On the kernel CI_DRM_2852, the machine fi-gdg-551 hard hanged while running the test igt@drv_hangman@error-state-basicigt@drv_hangman@error-state-basic. No suspicious logs available... Full logs: https://intel-gfx-ci.01.org/tree/drm-tip/CI_DRM_2852/fi-gdg-551/igt@drv_hangman@error-state-basic.html
Created attachment 132789 [details] Dmesg from gdg-551 igt@drv_hangman@error-state-basic
This log was captured with i915.reset=0. Without it, host rebooted instantly when running the test.
Similar death for me on a i915gm (eeepc 700). Worse, it used to work. v3.19 can reset without death.
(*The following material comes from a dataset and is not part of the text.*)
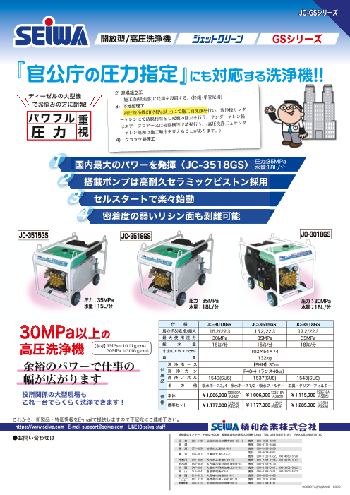 『官公庁の圧力指定』にも 対応する洗浄機!! ◆国内最大のパワーを発揮 ◇搭載ポンプは高耐久セラミックピストン採用 ◆セルスタートで楽々始動 ◇密着度の弱いリシン面も剥離可能

First foray down the rabbit hole takes a wrong turn: e2c8b8701e2d0cb5b89fa3b5c8acae9dc4f76259 is the first bad commit commit e2c8b8701e2d0cb5b89fa3b5c8acae9dc4f76259 Author: Maarten Lankhorst <maarten.lankhorst@linux.intel.com> Date: Tue Feb 16 10:06:14 2016 +0100 drm/i915: Use atomic helpers for suspend, v2. That commit inserts a deadlock early into the reset. Last known working reset: 1db6e2e7dc2739181bd55c3c41263634803b3cc9 [v4.6] Now for bisect attempt #2 trying to ignore the deadlock.
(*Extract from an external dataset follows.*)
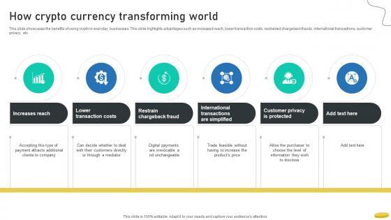 This slide showcases the benefits of using crypto in everyday businesses. This slide highlights advantages such as increased reach, lower transaction costs, restrained chargeback frauds, international transactions, customer privacy, etc.Here you can discover an assortment of the finest PowerPoint and Google Slides templates. With these templates, you can create presentations for a variety of purposes while simultaneously providing your audience with an eye-catching visual experience. Download How Crypto Currency Transforming World Cryptocurrency Management With Blockchain to deliver an impeccable presentation. These templates will make your job of preparing presentations much quicker, yet still, maintain a high level of quality. Slidegeeks has experienced researchers who prepare these templates and write high-quality content for you. Later on, you can personalize the content by editing the How Crypto Currency Transforming World Cryptocurrency Management With Blockchain. This slide showcases the benefits of using crypto in everyday businesses. This slide highlights advantages such as increased reach, lower transaction costs, restrained chargeback frauds, international transactions, customer privacy, etc.

And the not completely unsurprising result from the other side, is... ... drum roll ... commit dfa2997055659b4e706a85fba481050cc7e7ad82 Author: Maarten Lankhorst <maarten.lankhorst@linux.intel.com> Date: Fri Aug 5 23:28:27 2016 +0300 drm/i915: Fix modeset handling during gpu reset, v5. This function would call drm_modeset_lock_all, while the suspend/resume functions already have their own locking. Fix this by factoring out __intel_display_resume, and calling the atomic helpers for duplicating atomic state and disabling all crtc's during suspend. Changes since v1: - Deal with -EDEADLK right after lock_all and clean up calls to hw readout. - Always take all modeset locks so updates during gpu reset are blocked. Changes since v2: - Fix deadlock in intel_update_primary_planes. - Move WARN_ON(EDEADLK) to __intel_display_resume. - pctx -> ctx - only call __intel_display_resume on success in intel_display_resume. Changes since v3: - Rebase on top of dev_priv -> dev change. - Use drm_modeset_lock_all_ctx instead of drm_modeset_lock_all. Changes since v4 [by vsyrjala]: - Deal with skip_intermediate_wm - Update comment w.r.t. mode_config.mutex vs. ->detect() - Rebase due to INTEL_GEN() etc. Signed-off-by: Maarten Lankhorst <maarten.lankhorst@linux.intel.com> Fixes: e2c8b8701e2d ("drm/i915: Use atomic helpers for suspend, v2.") Cc: stable@vger.kernel.org Tested-by: Ville Syrjälä <ville.syrjala@linux.intel.com> Signed-off-by: Ville Syrjälä <ville.syrjala@linux.intel.com> Link: http://patchwork.freedesktop.org/patch/msgid/1470428910-12125-2-git-send-email-ville.syrjala@linux.intel.com (cherry picked from commit 739748939974791b84629a8790527a16f76873a4) Signed-off-by: Jani Nikula <jani.nikula@intel.com> But both are really a single patch implementing display reset using atomic.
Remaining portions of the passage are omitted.